İspanya Avrupa’da güney batıda yer alan İber yarımadasındaki bir Akdeniz ülkesidir. Yüzölçümü olarak Batı Avrupa’da Fransa’nın ardından gelen, en büyük ülke olan İspanya, yaklaşık 650 metrelik yüksekliği ile Avrupa’da İsviçre’nin ardından gelen bir ülkedir. Geçmişi Fenikelilere kadar giden ülke, tarihte birçok medeniyetin yerleştiği bir bölgedir.
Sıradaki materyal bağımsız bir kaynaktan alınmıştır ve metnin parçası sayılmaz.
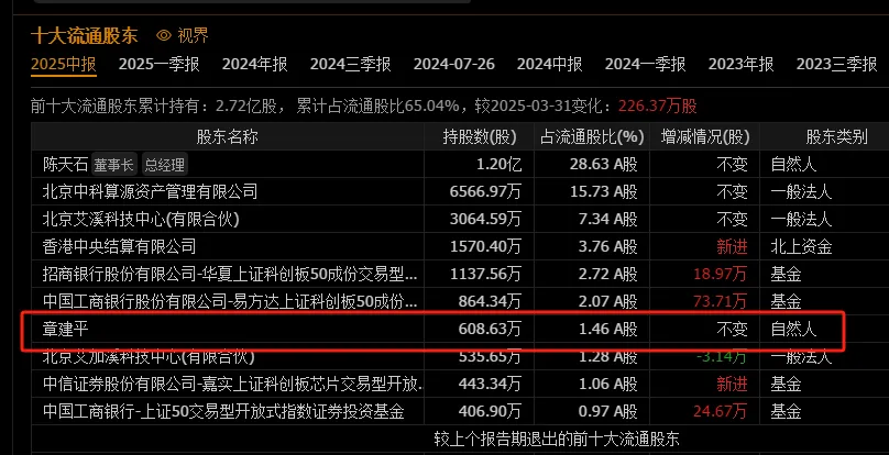 2024年四季度,章建平进入寒武纪前十大股东之列,彼时持股数量为533.88万股。2025年一季度,章建平增持了74.75万股。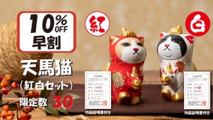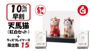 単品販売はもちろん、お得な紅白セットや『天馬猫(てんまにゃん)』を美しく鑑賞できるディスプレイケースセットなど多彩なリターンをご用意いたしました。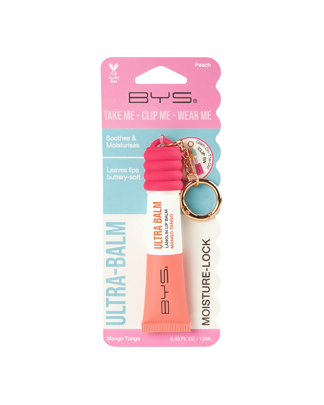 Get soft, nourished lips on the go with this convenient Ultra Balm Wearable Keyring! The creamy, thick balm melts into the lips and is infused with natural lanolin, an ingredient similar to the skin's own lipids, making it deeply hydrating yet breathable. Available in five delicious scents, Mango Tango is a peachy tint.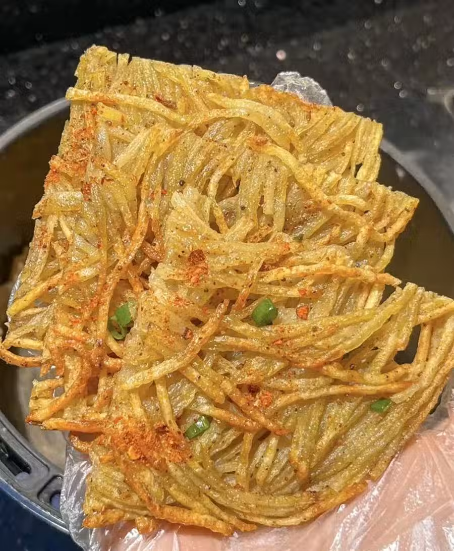 油紙刷上一層油,鋪上土豆絲,表面再噴一點油,180度烤15分鐘,中途翻面,出鍋撒上辣椒麵和蔥花!!喜歡焦香酥脆的可以多烤一下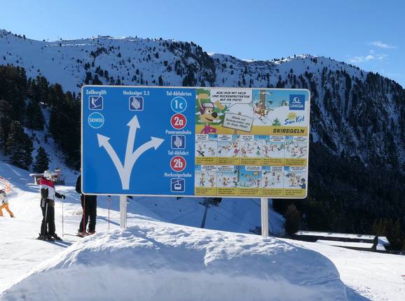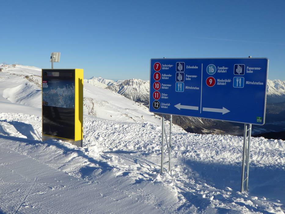 Orientierung (Pistenplan, Informationstafeln, Ausschilderung) und Sicherheit im Skigebiet Hochzeiger – Jerzens

Ülkenin farklı bölgelerinde çok değişik iklimler görülür. Farklı iklim özelliklerinin görüldüğü ülkede, her yer bol miktarda yağış almaktadır. Yapılan araştırmalarda, dünyada Fransa ve Amerika’nın ardından Çin Halk Cumhuriyeti’yle beraber en fazla ziyaret edilen 3. ülke olan İspanya, turistlerin gözde yerlerinden birisidir. Resmi dil İspanyolca olan ülkenin, özerk bölgelerinde kullanılan farklı dillerde bulunmaktadır.
Boğa güreşleriyle, Flamenkosu, Orta Çağ’ı anımsatan şehirleri, plajları ve dünyaca ünlü mutfağı ile İspanya ilgi çeken turizm bölgelerinden biridir. Akdeniz ve Atlas Okyanusunun uzun sahilleri, İspanya’nın turizm cenneti haline gelmesinde önemli bir rol oynamıştır. İspanya denildiğinde, herkesin aklına boğa güreşleri gelmektedir. Ülkede en popüler eğlencelerden olan, boğa güreşleri, buraya gideceklerin ilgisini çekecektir. Bu ülkeye gittiğinizde nereleri gezebileceğinizi araştırdık. Buraları mutlaka görmelisiniz.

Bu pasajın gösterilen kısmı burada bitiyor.